По мере того, как Гай говорил, Марк отодвигался от него, кривясь, как от боли.
— Это правда? — с трудом выговорил он.
— К несчастью, — ответил Гай. — Надо переждать. Я смогу им доказать, кто прав, не сомневайся…
— Уходи! — вдруг закричал Марк. — Дезертирам нет здесь места!
— Что?
— Ты не друг мне больше. Предатель, трус, уходи, пока я не убил тебя!
— Трус? — Гай медленно поднялся. — Ты смеешь называть меня трусом? Ты, не державший оружия, называешь трусом меня, героя Тразиментского озера, трижды раненного в бою… Да как повернулся у тебя язык!
— Прости, я погорячился, — с трудом выговорил Марк. Он стоял бледный, опустив голову. — Прости меня. И все же ты должен уйти к Аппию Клавдию и просить прощения за самовольную отлучку, и если он накажет тебя, то будет прав..
— Марк, опомнись! — вмешался Гераклид. — Как же ты можешь не верить другу и доверять клевете, которую на него возвели!

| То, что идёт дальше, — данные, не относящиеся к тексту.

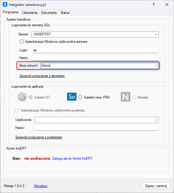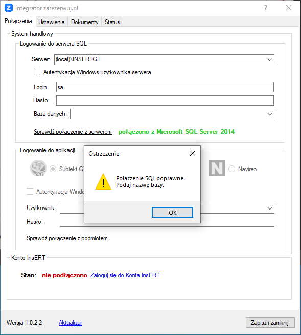 Do poprawnego działania należy określić parametry połączenia z bazą danych systemu Subiekt GT oraz podać dane dostępowe Konta InsERT, na którym znajduje się licencja zarezerwuj.pl. W tym celu należy:
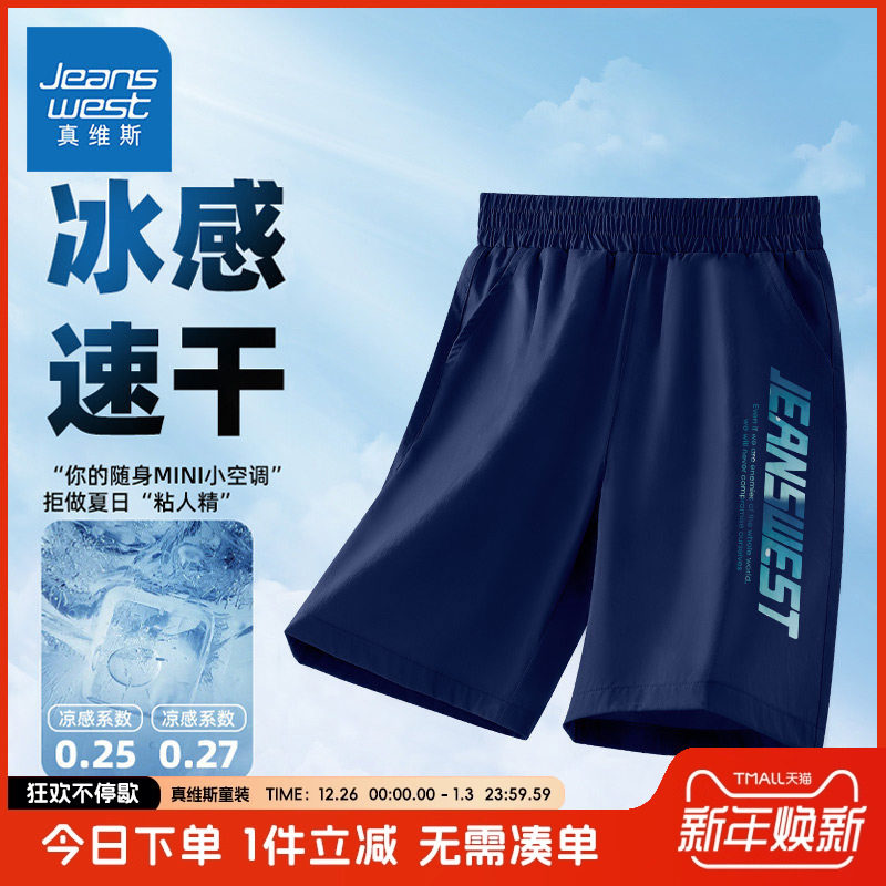 真维斯童装男童短裤夏季儿童薄款冰丝运动裤子男孩五分裤速干中裤

— Я обязан верить сенату, — хмуро ответил Марк, — один человек может ошибиться, народ Рима — нет. Уходи, Гай! Пока Рим не простит тебя, ты мне не друг.
— Значит, так, — протянул Гай и сжал кулаки, — значит, так. Пока бездари вроде Фабия и Баррона губили нас, как скот, пока мы шли врукопашную против боевых слонов и гибли, растоптанные чудищами, пока мы голодали, обманутые спекулянтами-поставщиками, ты, жалкий трус, смотрел на все это из-за моря, попивая вино и прохлаждаясь в бане. И вот теперь ты судишь меня, — Гай перевел дух, злость мешала ему говорить. — Ты веришь не мне, — продолжал он с яростью, — а сборищу полоумных стариков, объявивших себя цветом римского народа. Я хотел уйти из игры, но нет, хватит. Я буду мстить, буду драться, пока Ганнибал не очистит Рим от таких подлецов, как ты!
Гай плюнул, повернулся и зашагал к калитке.
Марк не остановил его, мутными глазами посмотрел вслед, потом, не обращая внимания на потрясенного Гераклида, бросился в дом.
ЗОИПП
В один из таких вечеров после ужина Зоипп привел Архимеда и Гераклида в библиотеку, чтобы показать ценную рукопись, написанную рукой Феокрита. Весело болтая, он достал из ларца свиток, развернул его на столике под светильником, потом пригласил гостей сесть и отослал слуг.
Едва они остались втроем, Зоиппа словно подменили. На месте веселого румяного остряка появился печальный и до смерти усталый человек.
— Года жизни мне стоит каждая встреча с Гиеронимом и Андронадором, — сказал он тихо. — Они ведут город к гибели, а я бессилен что-либо изменить.
Гераклид почувствовал, как тяжесть, которая давно навещала его, а после встречи с Гаем уже не покидала, сдавила его грудь, мешая дышать. Неужели Зоипп хочет втянуть учителя в какую-нибудь дворцовую интригу?
— Андронадор самонадеян и слеп, — продолжал Зоипп, — а с Гиеронима что взять?
— Ты считаешь гибельной подготовку к войне? — спросил Архимед. — Я думаю, что тут прав он, а не ты. Другого выхода у нас нет.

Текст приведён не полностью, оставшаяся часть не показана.